As you move from 19K to 32K or 64K tokens, the KV cache grows and VRAM pressure rises. Some rows show a big drop in tokens per second at 64K while others stay flat, which is the signal to revisit quants, context limits, or layer offload rather than assuming the model is “slow” in general.

The models and quants I’ve chosen to test - are to run by myself and see do they give a good gain in a sense of cost/benefit on this equipment or not. So no q8 quants here with 200k context :) …

GPU/CPU is a load, measured by nvitop.

llama.cpp when autoconfiguring the layers unloading to GPU is trying to keep 1GB free. We manually specify this parameter via commandline param -ngl but I’m not finetuning it here, just need to understand that if there is significant performance drop when increasing context window size from 32k to 64k - we can try to increase speed on 64k by finetuning number of unloaded layers.

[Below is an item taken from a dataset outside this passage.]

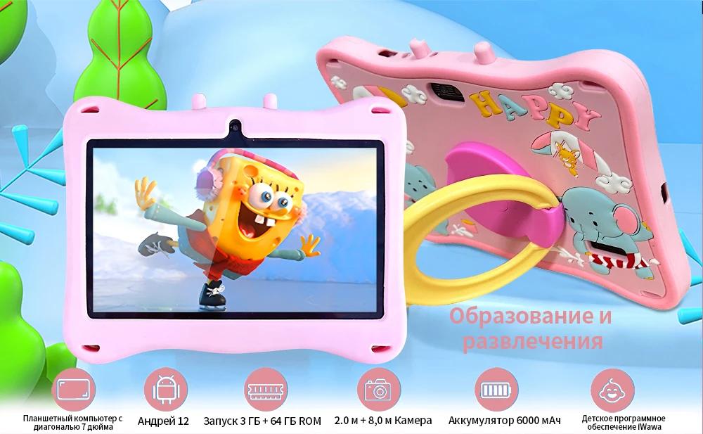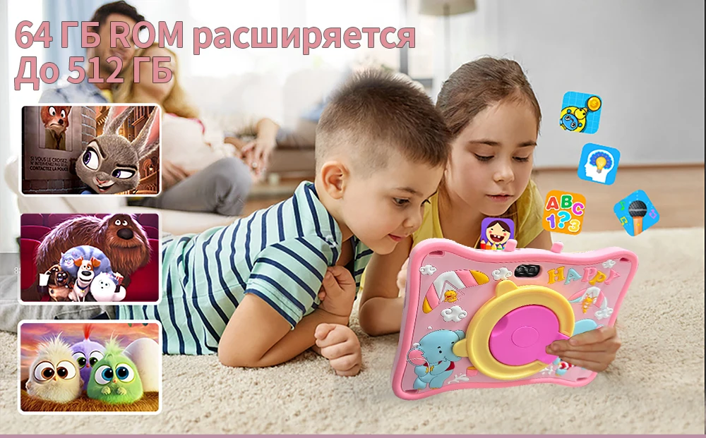 New Tablet 7.0 Inch Cartoon Pattern Kids Quad Core 4GB RAM 64GB ROM Android 13 Learning Education Games Tablets Children's Gifts

Test hardware and llama.cpp setup

I tested the LLM speed on a PC with this config:

CPU i-14700
RAM 64GB 6000Hz (2x32GB)
GPU RTX-4080
Ubuntu with NVidia drivers
llama.cpp/llama-cli, no unloaded layers specified
Initial VRAM used, before starting llama-cli: 300MB

Extra runs at 128K context (Qwen3.5 27B and 122B)

Model	128K Load	128K: T/s
Qwen3.5-27B-UD-IQ3_XXS	16/625	9.6
Qwen3.5-122B-A10B-UD-IQ3_XXS	27/496	19.2

Takeaways for 16 GB VRAM builds

My current favorite Qwen3.5-27B-UD-IQ3_XXS is looking good on it’s sweetspot 50k context (I am getting approx 36t/s)
Qwen3.5-122B-A10B-UD-IQ3_XXS is overtaking performance-wise the Qwen3.5 27B on the contexts above 64K.
I can push Qwen3.5-35B-A3B-UD-IQ3_S to handle context 100k tokens, and it fits into vram, so no performance drop
I will not use gemma-4-31B on 16GB VRAM, but gemma-4-26B might be medium-well…, need to test.
Need to test how well Nemotron cascade 2 and GLM-4.7 Flash REAP 23B work. will they be better then Qwen3.5-35B q3? I doubt but still, might test to confirm the suspicion.